Overall Architecture¶

POA is a three-branch self-distillation framework: Teacher, Intact Student, and Elastic Student.

The input image \(x\) yields two augmented views, \(x_a\) and \(x_b\).
The Teacher processes \(x_a\), while both Students process \(x_b\).
The Intact Student performs cross-view distillation with the Teacher (standard SSL representation learning).
The Elastic Student simultaneously receives cross-view distillation from the Teacher and same-view distillation from the Intact Student.
The Teacher is updated via EMA, combining parameters of the Intact Student and the Elastic Student.
In each training step, the Elastic Student randomly samples a sub-network from the intact student.

Key Designs¶

Elastic Student:
- Function: Randomly samples width and depth at each training iteration to construct a sub-network for training.

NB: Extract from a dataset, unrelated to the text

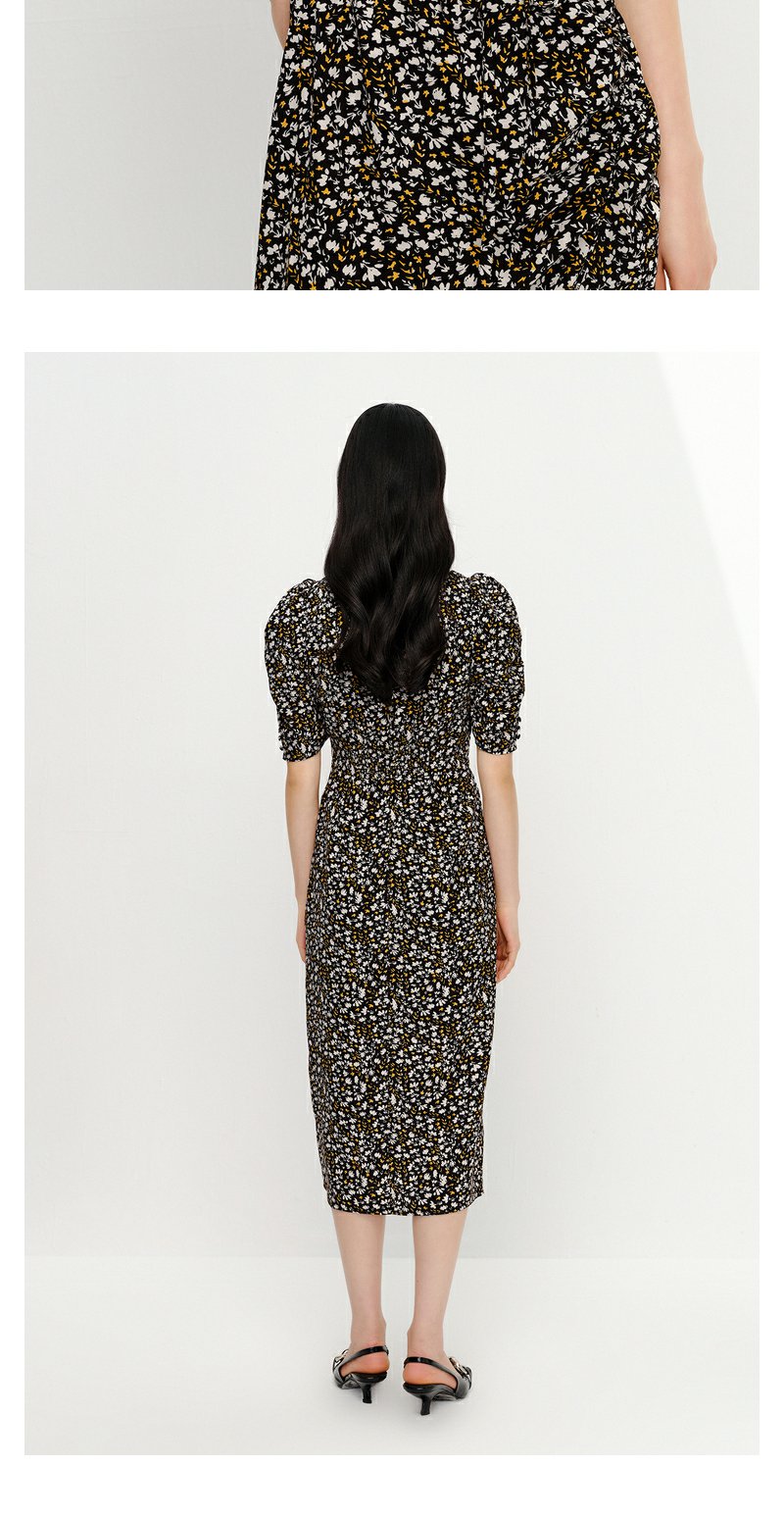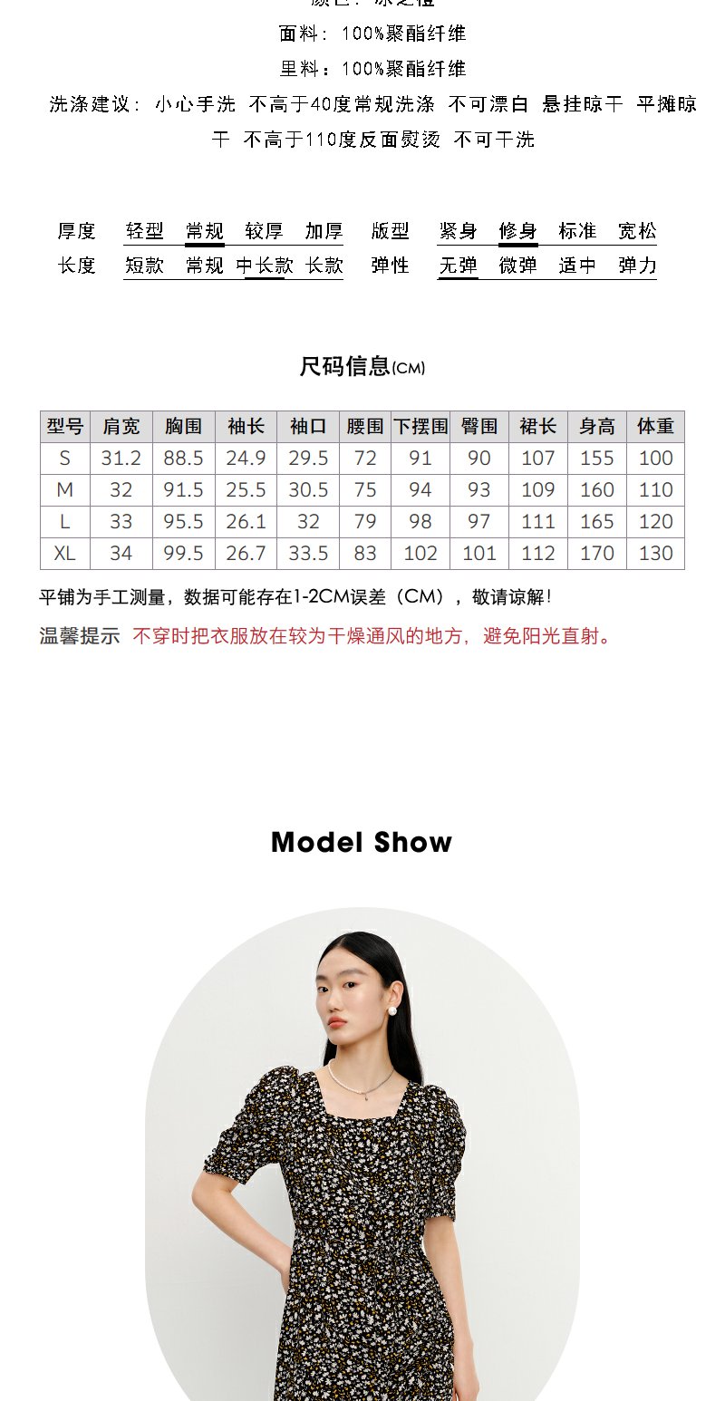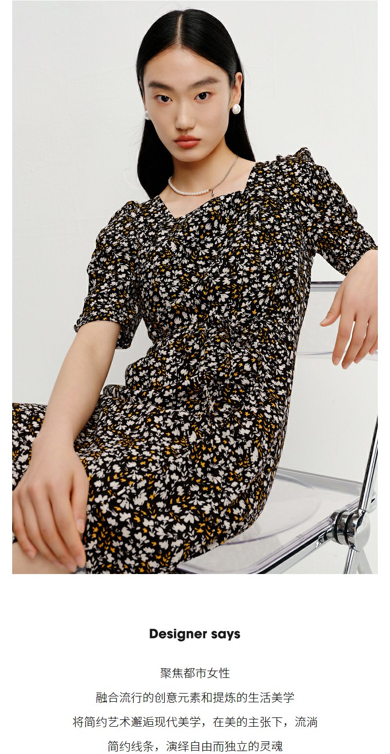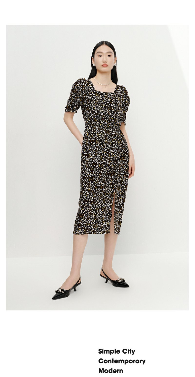 NEELLY纳俪商场同款夏季碎花连衣裙女方领显瘦收腰A字裙下开叉裙N23042Y01

- Mechanism: Realizes elasticity through parameter slicing. For ViT, elastic width is achieved by reducing the number of attention heads, while elastic depth is implemented by selecting blocks at equal intervals. Define \(M+1\) types of elastic widths: \(D_i = (N_h - i) \cdot D_h\), and \(N+1\) types of elastic depths: \(L_i = L_{max} - i\). In total, \((M+1) \times (N+1)\) sub-networks can be generated.

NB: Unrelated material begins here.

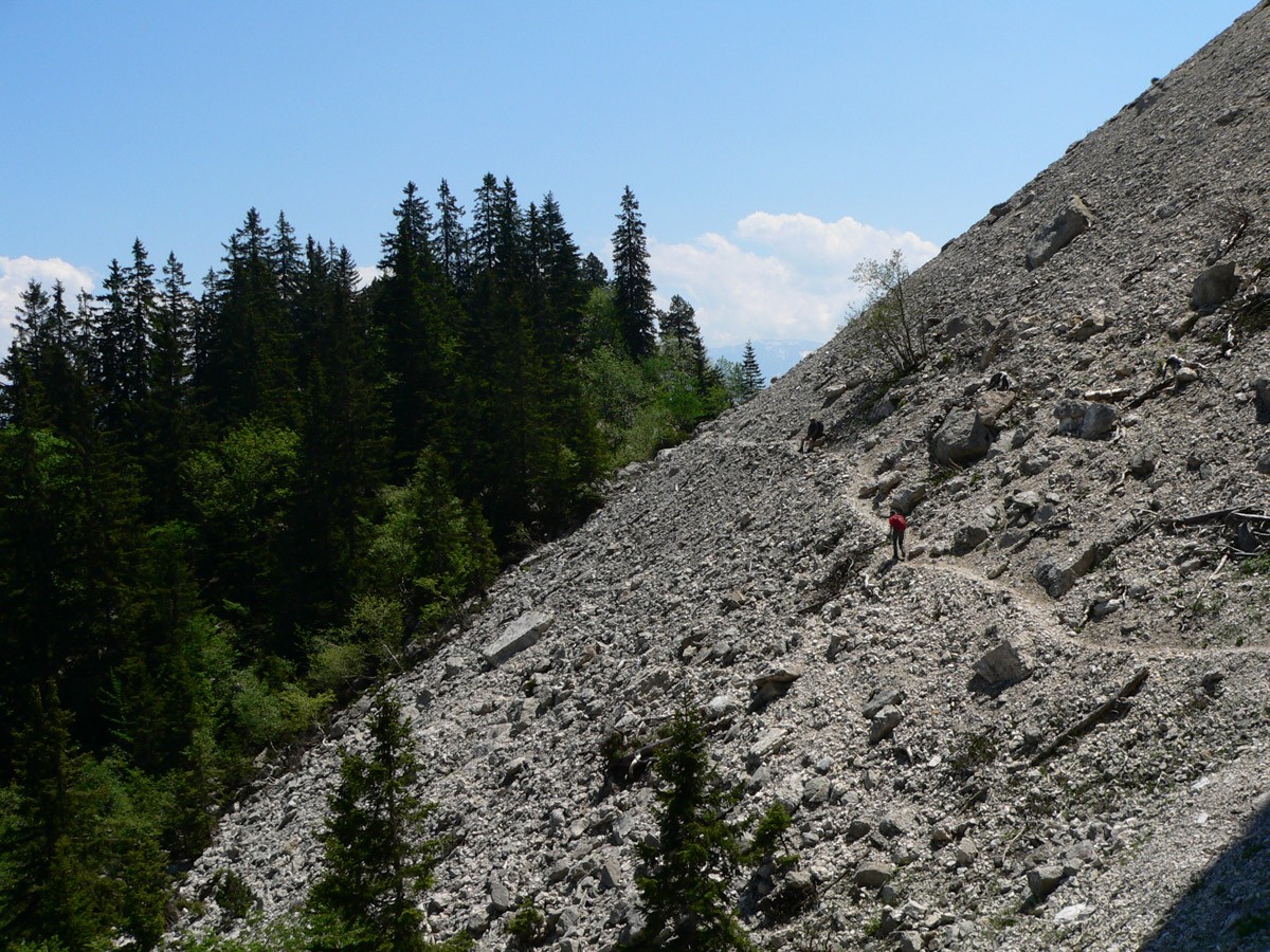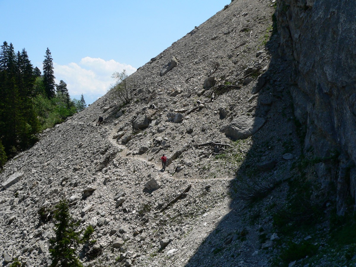 La descente par le Vallon des Forges passe par endroit entre des blocs, sans difficultés notoires si les névés sont tous fondus.

- Parameter Extraction: For the elastic MSA, the input projection weights are formulated as \(w_i^{a1} = w^{a1}[:, :D_i] \cdot \alpha_i\), where the scaling factor \(\alpha_i = D_{max}/D_i\) compensates for scale changes caused by dimension reduction. The MLP and LN are processed similarly.

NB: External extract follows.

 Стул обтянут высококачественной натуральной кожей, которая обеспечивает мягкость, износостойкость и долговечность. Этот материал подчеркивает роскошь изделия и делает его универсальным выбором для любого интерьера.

- Depth Elasticity: For depth \(L_i\), block IDs are selected at equal intervals: \(BID_j^{L_i} = \lfloor (L_{max}-1) \cdot j / (L_i - 1) \rfloor\).
- Design Motivation: Small models are naturally sub-networks of large models, and sharing parameters ensures that sub-networks are fully optimized during training. The elastic branch also functions as a model ensemble (different sub-networks contribute to the teacher's EMA at each step) and a training regularizer (stabilizing training and preventing loss divergence).
Same-view Distillation:
- Function: Forces the Elastic Student to mimic the output of the Intact Student on the same view.
- Mechanism: This is standard knowledge distillation, transferring the superior representations learned by the Intact Student to the elastic sub-network. The loss is computed as \(\mathcal{L}_{ES2}^g = -p_{b1} \log(p_{b2})\).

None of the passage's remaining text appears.